In one test version of the panel app, I have the following interval handler:
setInterval(() => {
var refall = panelApp.$refs; // all named children that panels
for ( var pname in refall ) { // in an object
var pdata = refall[pname][0]; // off Vue translation, but it's there.
pdata.temp1 = Math.round(Math.random()*100); // make thermos jump around.
pdata.temp2 = Math.round(Math.random()*100);
}
},2000)
The code provides a little animation, changing thermometers randomly. Each panel has two thermometers, and the app allows the user to keep adding panels. (In the final version, some panels must be thrown away.) The refs are being accessed using panelApp.$refs
, a field that Vue creates given the refs
information in the component
tag.
So, this is what the randomly jumping thermometers look like in one snapshot:
A collection of animated panels for one type of panel (or component). (Large preview)
Connecting The Panel To The IoT Device
So, the last piece of code is a setInterval
test updating thermometers with random values every two seconds.
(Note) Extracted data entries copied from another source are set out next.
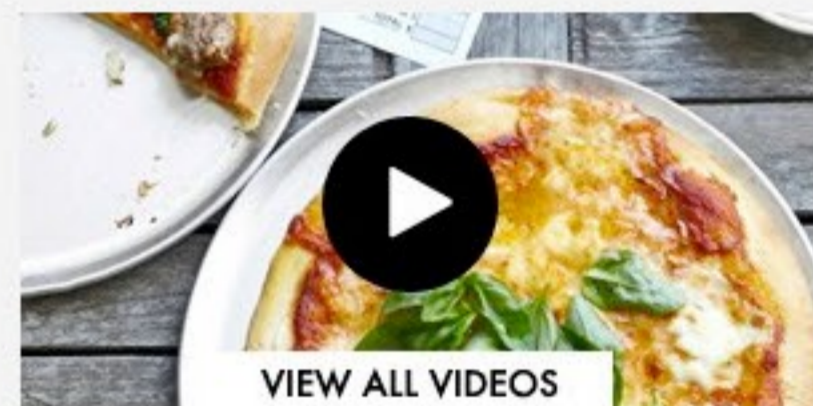
VIEW ALL VIDEOS
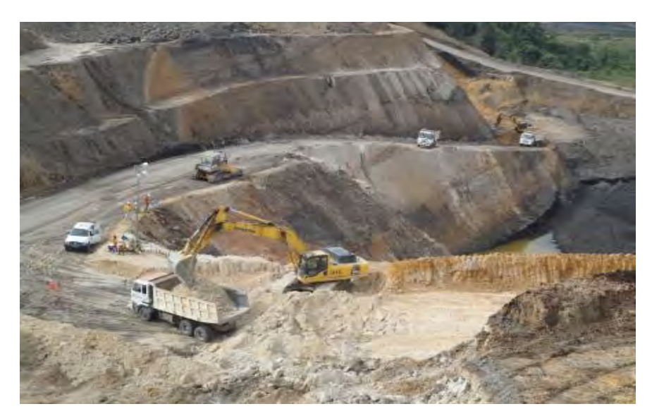
Figure 1. Roads condition in mining

Some of the observed teachers have already incorporated the principle of levels into their lesson plans by including problem-solving from the contextual/realistic level to the semi-formal level and then to the formal level. For example, in determining the gradient of a movement, students are asked to observe a picture of a winding road in a coal mining area. Then, the teacher asks if it is possible for a car at the bottom to climb up to the surface with a straight vertical path (informal level) shown in Figures 1 and 2.
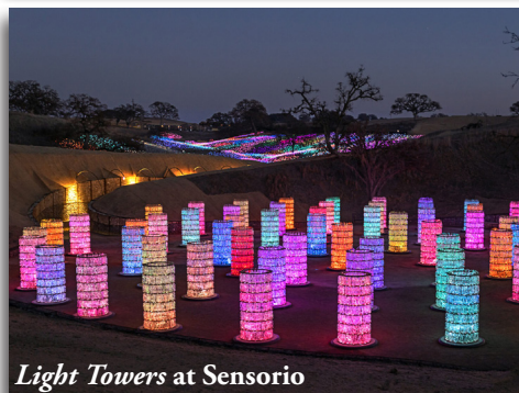
Light Towers at Sensorio

Double Occupancy: $949 per person Single Occupancy (no roommate): Add $400 Oceanview Upgrade: $175 p.p./dbl; $350 p.p./sgl
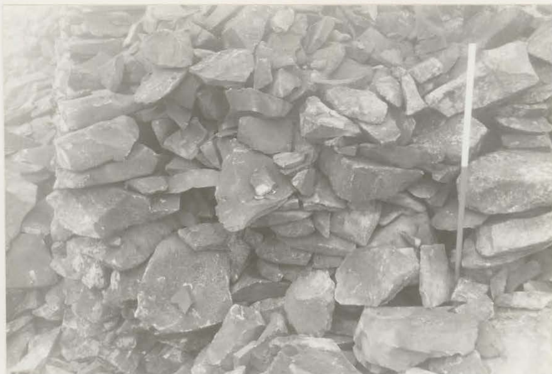
Plate 103. N postern: E side of passage partly cleared, looking E (G1022/010/10).
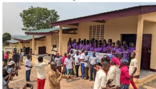
Protestant High School, Bouar-CAR

Sustainability of programs is a priority of the leadership of the ELC-CAR. The church and partners have done a wonderful job sharing the Good News of Christ and bringing needed support and care to people in the Central African Republic. Substantial support from the ELCA and other international partners of the church has made much of this possible.
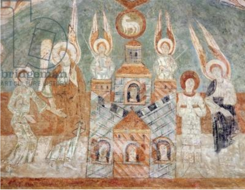
Christ in Majesty and the Heavenly Jerusalem, ca. 1120, Abbey Church of Saint-Chief, France
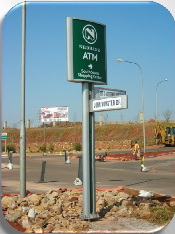
Illuminated street signage

"Creating revenue from existing infrastructure through advertising to improve future infrastructure"
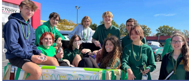
The Junior Board led the Crestwood 75th Anniversary Parade.
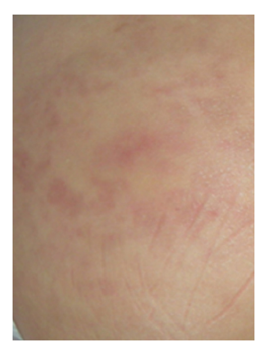
Fig. 1. Erythematous, raised lesions on the buttocks (factitious panniculitis).

10 years. She had a history of liquid silicone injections in the buttocks 3 years earlier while in Colombia.
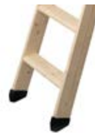
High Quality - 10-years guarantee

DOLLE SW40-5 is a 3 section folding loft ladder. It requires no headroom or storage space in the loft. Trapdoor with 34 mm top-insulation material, super EPS that ensures the improved U-value: 1,16 W/m 2 *K. The ladder is with non slip treads and has plastic feet included for extra security. It has a nice finish with white faced trapdoor and is delivered with plastic architraves and rubber draught excluder to prevents loss of heat and draught. The DOLLE SW40-5 has a special developed height adjustment system and it comes complete with a wooden push/pull rod for easy operation.
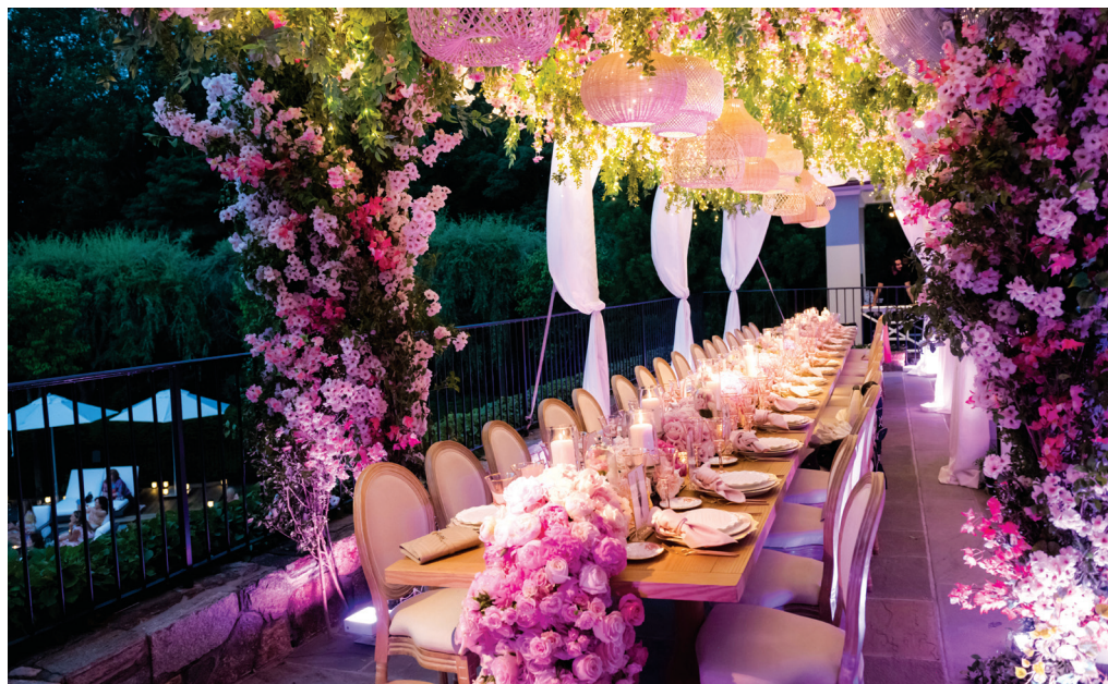
above: An astonishing and definitely once-in-a-lifetime celebration dream designed by Marcia Selden Catering & Events. This one, lush with flowers, included a surprise performance by Cyndi Lauper below: Zucchini ribbons and soup like you've never seen
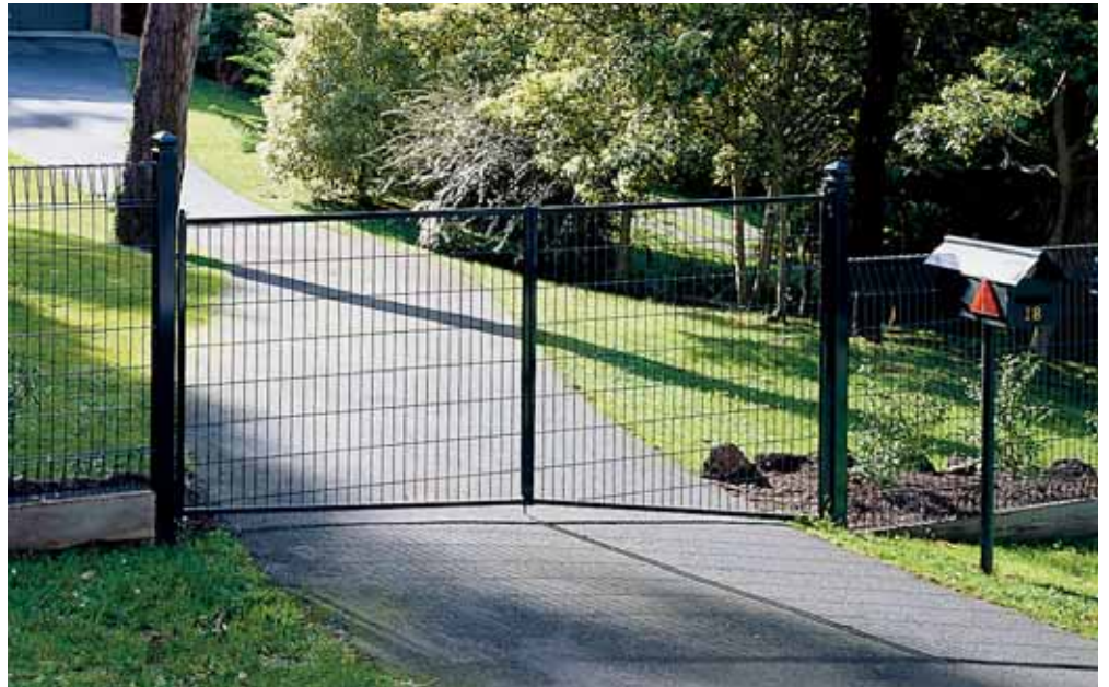
Garden in Black.
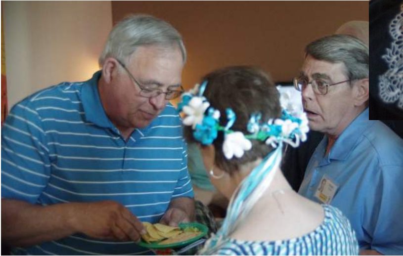
MARGARITA PARTY IN THE HOSPITALITY SUITE AFTER THE ROAD TRIP
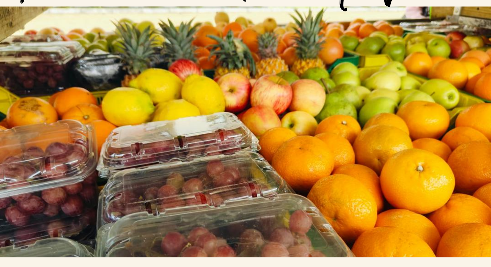
Fresh Fruit & Veg every Wednesday from 8.30am
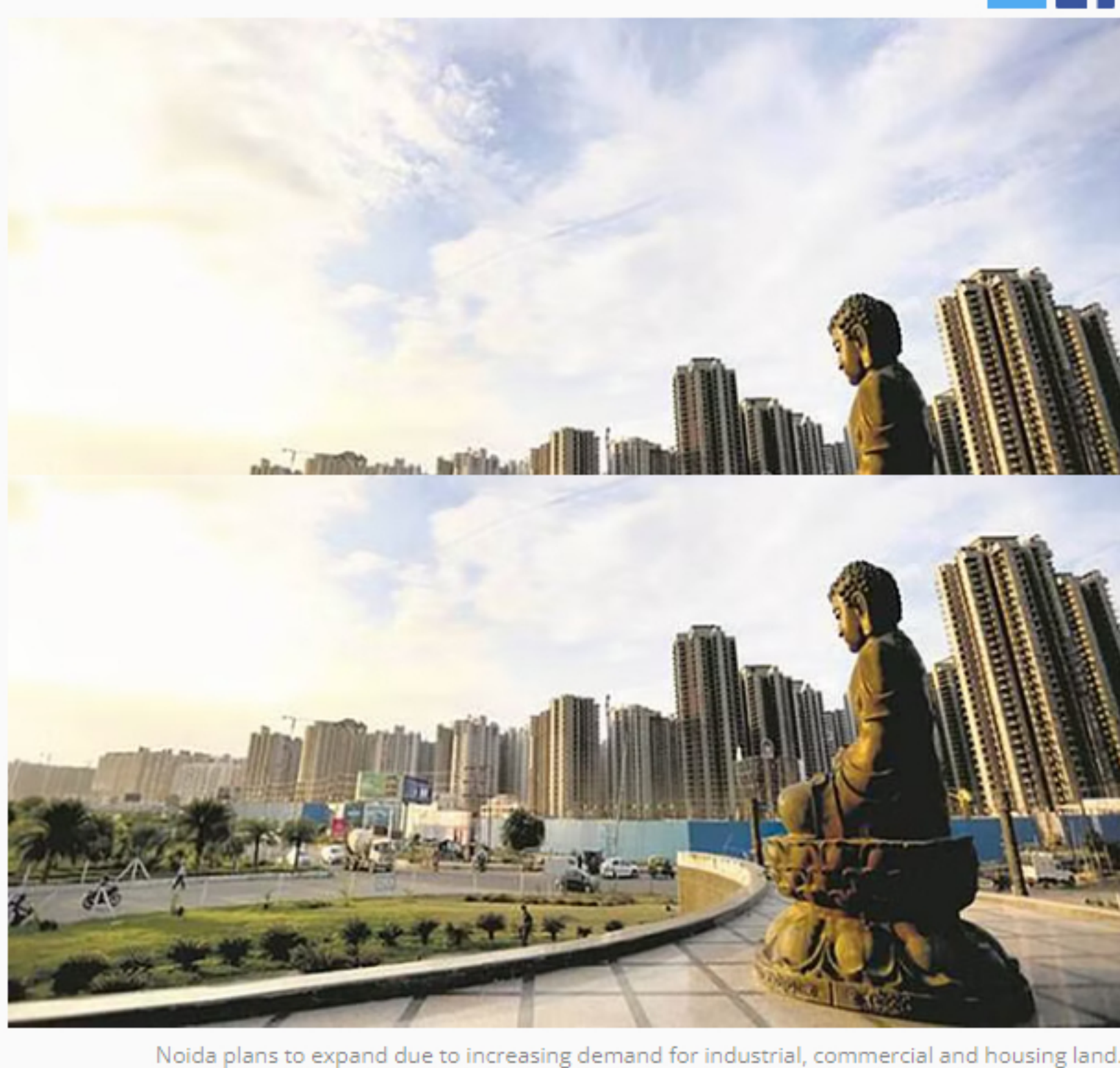
Noida plans to expand due to increasing demand for industrial, commercial and housing land.

But, what we want to do is read in real data from real machines. In order to do that, we will need some form of communication.
There are a variety of ways. But, let’s use MQTT which is a pub/sub message system. Our SPWA can subscribe to messages from devices at any time. When it gets those messages the SPWA can direct each message to the appropriate data handler for the panel mapped to the device identified in the message.
So, basically what we need to do is replace the setInterval
with a response handler. And, that will be for one panel. We probably want to map panels to handlers as they are loaded. And, it is up to the web server to see that the correct mapping is delivered.
Once the web server and the SPWA have the page ready for operation, the web server no longer needs to take care of messaging between the page and the device. the MQTT protocol specifies a routing server to handle pub/sub. A number of MQTT servers have been made. Some of them are open source. One very popular one is Mosquito, and there are a few developed on top of Node.js.
The process for the page is simple. The SPWA subscribes to a topic. One good version of a topic is an identifier for an MCU such as a MAC address or a serial number. Or, the SPWA could subscribe to all temperature readings. But, then the page would have to do the work of filtering the messages from all devices. Publication in MQTT is essentially a broadcast or multicast.
Let’s take a look at how the SPWA will interface with MQTT.
Initializing MQTT On The SPWA
There are several client libraries to choose from. One, for instance, is a MQTT.js. Another is eclipse paho. There are more of course. Let’s use Eclipse Paho since it has a CDN stored version. We just need to add the following line to our page:
<script src="https://cdnjs.cloudflare.com/ajax/libs/paho-mqtt/1.0.1/mqttws31.min.js" type="text/javascript"></script>
The MQTT client has to connect to a server before it can send and receive messages. So, lines setting up the connection also need to be included in the JavaScript. We can add in a function MQTTinitialize
which sets up the client and the responses for connection management and message receipt.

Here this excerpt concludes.